Майгатов все понял: должность в оперативном отделе – это обеспеченное звание капитана второго, а, может, попозже – и первого ранга. Это нормированный рабочий день, а не безразмерный, как на корабле, с сутками в двадцать пять часов. Это перспектива роста. Это, может быть, даже "УАЗик", на котором тебя будет возить на службу матрос. Это, наконец, заискивающее лицо, с которым на тебя будет смотреть прежде надменный Бурыга.

– Что нужно делать? – поняв все это, спросил Майгатов.

– Ничего, – молниеносно выстрелил ответом Анфимов, будто ждал этого вопроса больше всего и терпеливее всего.

– Но посмотреть-то хоть можно?

– Конечно-конечно, – суетно, по-стариковски, заторопился Анфимов. Идем, покажу...

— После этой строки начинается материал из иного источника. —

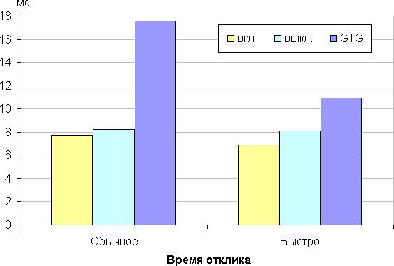 Время отклика зависит от значения настройки Время отклика, которая управляет разгоном матрицы. Ступени регулировки две. Диаграмма ниже показывает, как меняется время включения и выключения при переходе черный-белый-черный (столбики «вкл.» и «выкл.»), а также среднее суммарное время для переходов между полутонами (столбики GTG):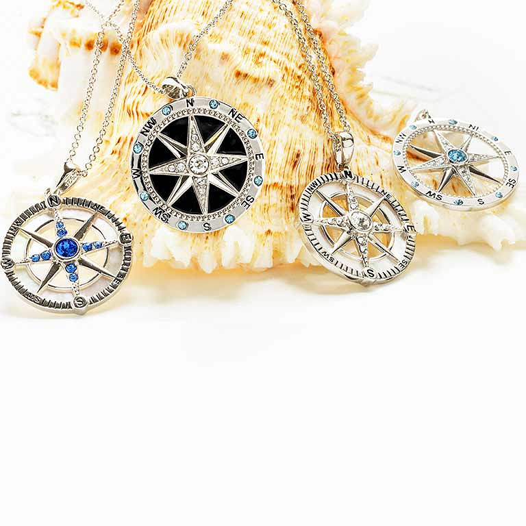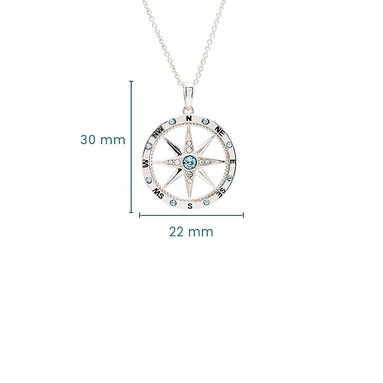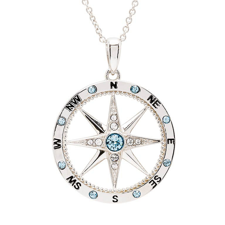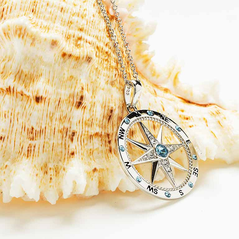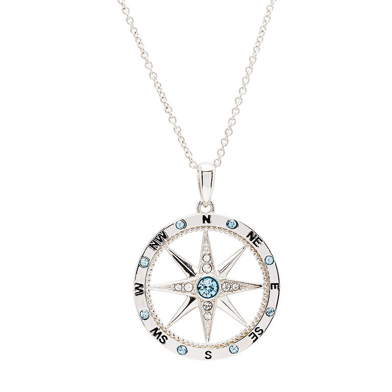Sterling Silver Aqua/White Crystal Compass Necklace

Они пришли к секретке, не встретив ни одного матроса. Майгатов шел сзади и по одному затылку Анфимова определил, что тот успокоился, а, наверное, отсутствие моряков по пути успокоило его еще сильнее.

– Построение на причале, – не оборачиваясь, объяснил Анфимов тишину и пустынность коридоров и трапов. – Я попросил Кравчука, чтоб он сегодня произвел осмотр личного состава...

– Какой осмотр? – глядя на взмокшую шею командира, поинтересовался Майгатов.

– А-а, ты не в курсе... Это ввели приказом, пока ты в госпитале лежал. Почти каждый день строим моряков в одних трусах на причале. Сразу синяки видно, ссадины... Это на предмет борьбы с годковщиной...

– И что: избавились от годковщины таким образом?

– Нет, к сожалению, не избавились, – вздохнул Анфимов. – Но зато теперь следы издевательств сразу видны... Ну, вот и пришли...

Он отступил в сторону и ткнул пальцем в круглую накладку замка.

– Видишь. Пытались открыть ключом. Но то ли дубликат был не точен, то ли заело, но этот... ну, грабитель, сломал его. Посмотри...

Да, из узкой щели торчал острый огрызок обломанного ключа. Взгляд подержался за него несколько секунд и тут же скользнул влево, на густую сеть бороздок, оставленных, скорее всего, отверткой. Или стаместкой.

– Это он явно потом хотел взломать, – продолжал работать гидом Анфимов. – Вон – даже металл отогнул. Вполне мог и защелку отодвинуть, но тут секретчик из города вернулся...

– Он видел его? – вскинул голову Майгатов и близко до мути увидел грустные, оплетенные морщинками, глаза Анфимова.

– К сожалению, нет. Только шаги услышал. Говорит, что громкие шаги, в ботинках...

Майгатов посмотрел на сандалии командира – мягкие, с кожаной подошвой, в которых можно было ходить неслышно, будто летать над палубой. И все после похода на "Альбатросе" продолжали носить такие же сандалии, как бы трофеями доставшиеся им за муки в Красном море. Пожалуй, только когда офицеры и мичманы сходили на берег, они сменяли их на тяжеловесные ботинки с кирпичами-каблучищами. И теперь этот странный топот ботинок...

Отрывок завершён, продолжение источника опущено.